OC Mom Reaches $7.5 Million Settlement in Son’s Golf Cart Crash Death

OC Mom Reaches $7.5 Million Settlement in Son’s Golf Cart Crash Death
The Orange County Department of Education campus in Costa Mesa, Calif., on July 7, 2020. (John Fredricks/The Epoch Times)
City News Service
10/4/2020
Updated:
10/4/2020

SANTA ANA, Calif. (CNS)—The mother of an autistic 15-year-old boy killed in a golf cart crash on a school campus last year reached a $7.5 million settlement with the Orange Unified School District, the family’s attorneys announced Oct. 2.

Micaela Sanchez Corona sued the school district, located in Orange County, in November 2019.

Her son, Manny Perez, jumped onto an idling golf cart on Sept. 9 last year and slammed it into a railing on the campus of El Modena High School, where he attended special education classes.

The school district agreed as part of the settlement—which court records indicate was reached on Sept. 14—to update its policies and procedures to improve golf cart safety and to dump the ones deemed by experts to be obsolete, according to the mother’s attorneys.

School officials used the golf carts for a variety of reasons, including transporting students from a classroom to an office.

The district will also place a memorial bench in Manny’s honor in the high school’s campus garden.

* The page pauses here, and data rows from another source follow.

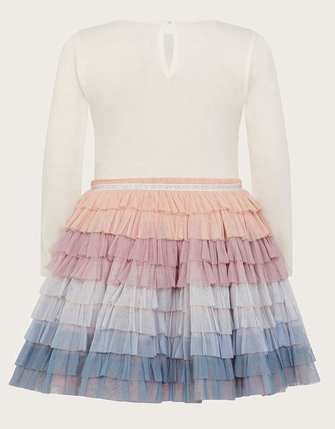 Sleigh all day. Featuring a sparkly sleigh ride design to the bodice and a layered ruffle tulle skirt, this 2-in-1 dress is ideal for the Christmas season (and beyond, if you want!).
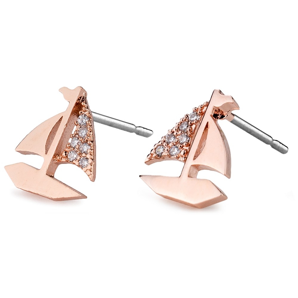 Stud earring crystal glass sailboat rose gold
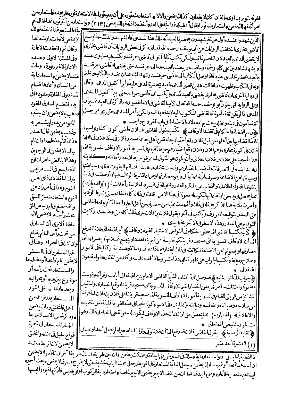 (الده يازده) مِمَّا يَحْصُلُ فِي يَدِهِ مِنْ ارْتِفَاعَاتِهَا لِيَكُونَ لَهُ مَعُونَةٌ فِي هَذَا الْأَمْرِ قَلَّدْتُهُ فِي ذَلِكَ كُلِّهِ فَتَقَلَّدَ مِنِّي بِشَرْطِ الْوِقَايَةِ، وَأَمَرْتُ بِكِتَابَةِ هَذَا الذِّكْرِ حُجَّةً لَهُ فِي ذَلِكَ وَأَشْهَدْتُ عَلَيْهِ مَنْ حَضَرَنِي مِنْ أَهْلِ الْعِلْمِ وَالْعَدَالَةِ، ثُمَّ يُوَقِّعُهُ الْقَاضِي عَلَى الصَّدْرِ بِتَوْقِيعِهِ الْمَعْرُوفِ وَيَكْتُبُ فِي آخِرِهِ: يَقُولُ فُلَانُ بْنُ فُلَانٍ: جَرَى ذَلِكَ كُلُّهُ مِنِّي وَعِنْدِي وَكَتَبْتُ التَّوْقِيعَ عَلَى الصَّدْرِ، وَهَذِهِ الْأَسْطُرُ فِي الْآخِرِ بِخَطِّ يَدَيَّ.
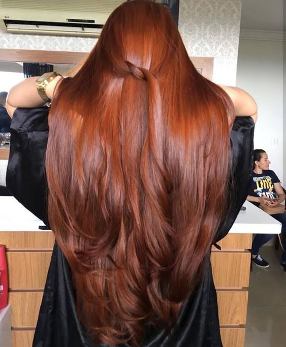 Pour les filles extraordinaires habituées à se démarquer de la foule, les stylistes suggèrent de rendre la couleur des cheveux plus intense. Pour ce faire, vous devez effectuer une coloration avec une couleur profonde et dans un ton. Les nuances les plus populaires pour les cheveux longs sont: noir, cuivre, rouge et platine.
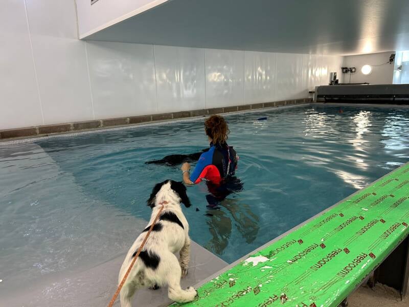 After treating Fergal and Blinder, part of my sponsored team, Gemma Fronda kindly invited us to use their pool!! This is still in development but her team is reaping the benefits of regular swimming sessions for their fitness and it will hopefully be open to the public at some point in the future. We had no intention of Nova joining us, but she was desperate to get in so had her first little swimming lesson! So nice to be back in a pool with the dogs as this is where my career started, many years ago now!! Thank you so much! Amazing perk to sponsoring Gemma and her wonderful dogs
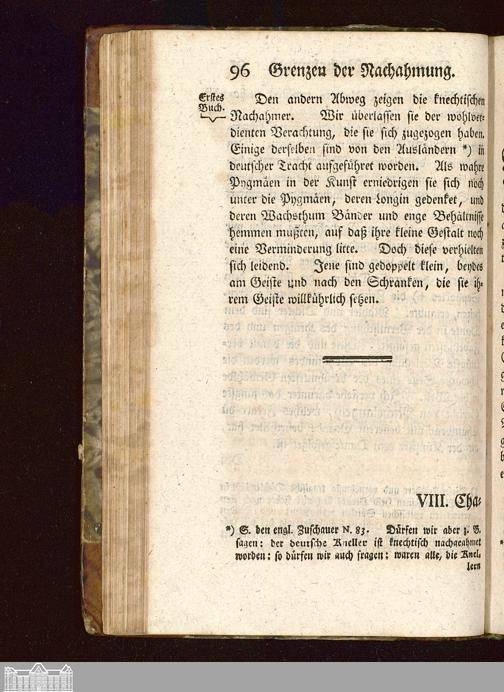 Erstes Buch. Grundsätze zur Bildung des Geschmacks des nachahmenden Künstlers.
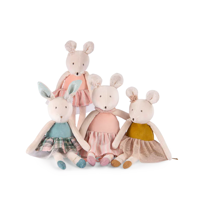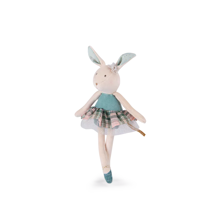 Poupée lapin en velours, au doux visage brodé. Joues poudrées, jupe tutu à carreaux, petit nœud sur la tête et ballerines nouées, elle est d’une grande élégance. Facile à attraper par les petites mains, elle deviendra le compagnon privilégié de bébé.
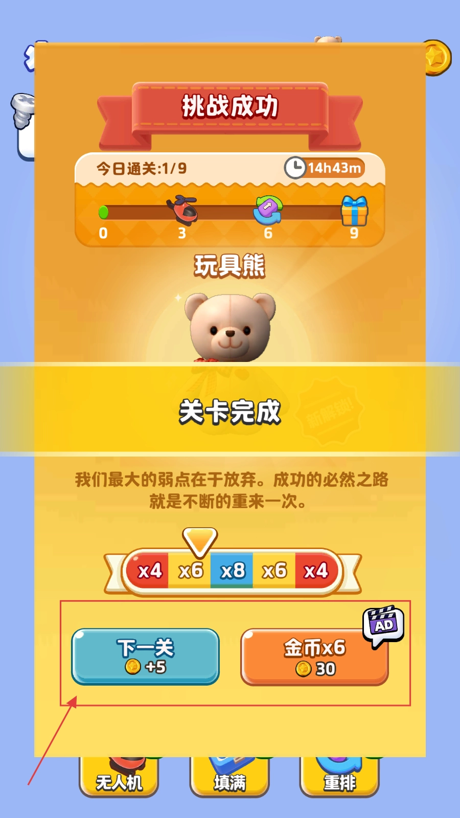 4、成功挑战后,点击【下一关】,开启玩具熊螺丝装配的全新关卡,继续挑战。
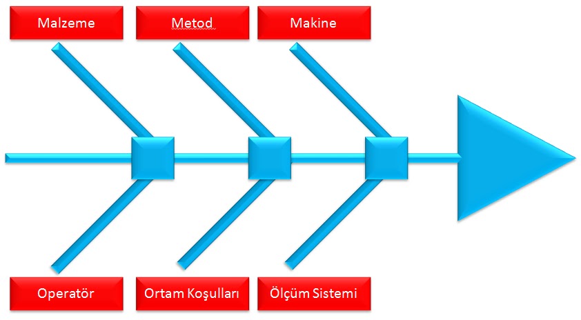 * Araştırılacak konuya neden olabilecek olası ana ve alt nedenler grafiğin ilgili bölümlerine eklenmiştir.
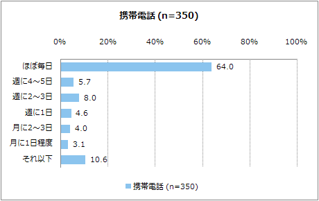 - 携帯電話でのインターネットの利用頻度は高く、「ほぼ毎日」が6割を占める
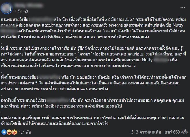 กระผมได้โพสต์ข้อความ พร้อมภาพงานพิธีมงคลสมรส และปรากฏภาพเจ้าสาว และ ครอบครัว ทวงถามยุติธรรมผ่านหน้าเฟซบุ๊ก ลงไปโดยข้อความดังกล่าว ที่ทำให้ครอบครัวของ “ภรรยา” น้องบีม ได้รับความเสียหายทำให้สังคมเข้าใจผิด มีการเข้ามาต่อว่าให้เกิดความเสียหาย จากความขาดการยั้งคิดของกระผมเอง
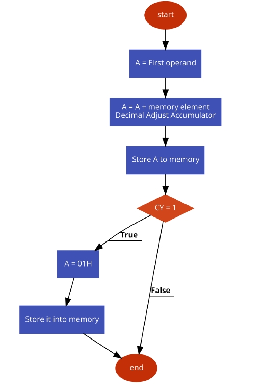 這項任務非常簡單。我們從記憶體中獲取數字,然後新增DAA指令以將累加器內容調整為十進位制形式。DAA將檢查AC和CY標誌以將數字調整為其十進位制形式。
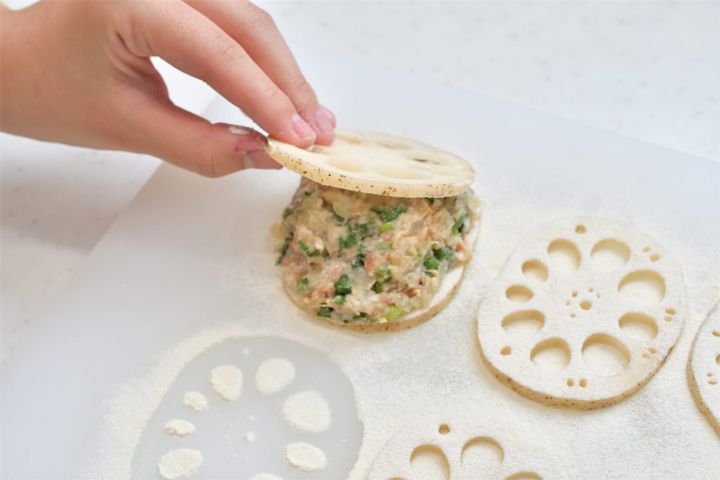 8. れんこんの小麦粉をかけた面に、1cm厚さを目安に肉ダネをのせ、さらにれんこんスライスで挟む。

“We are pleased that Orange Unified School District has agreed to resolve this case and is committed to creating a safer environment for its students and staff,” attorney Robert Glassman said.

“It is our sincere hope that the district’s changes to its golf cart procedures will ensure no other student or family suffers through such a horrific tragedy ever again.”

Manny was on a third-grade level, his attorneys said.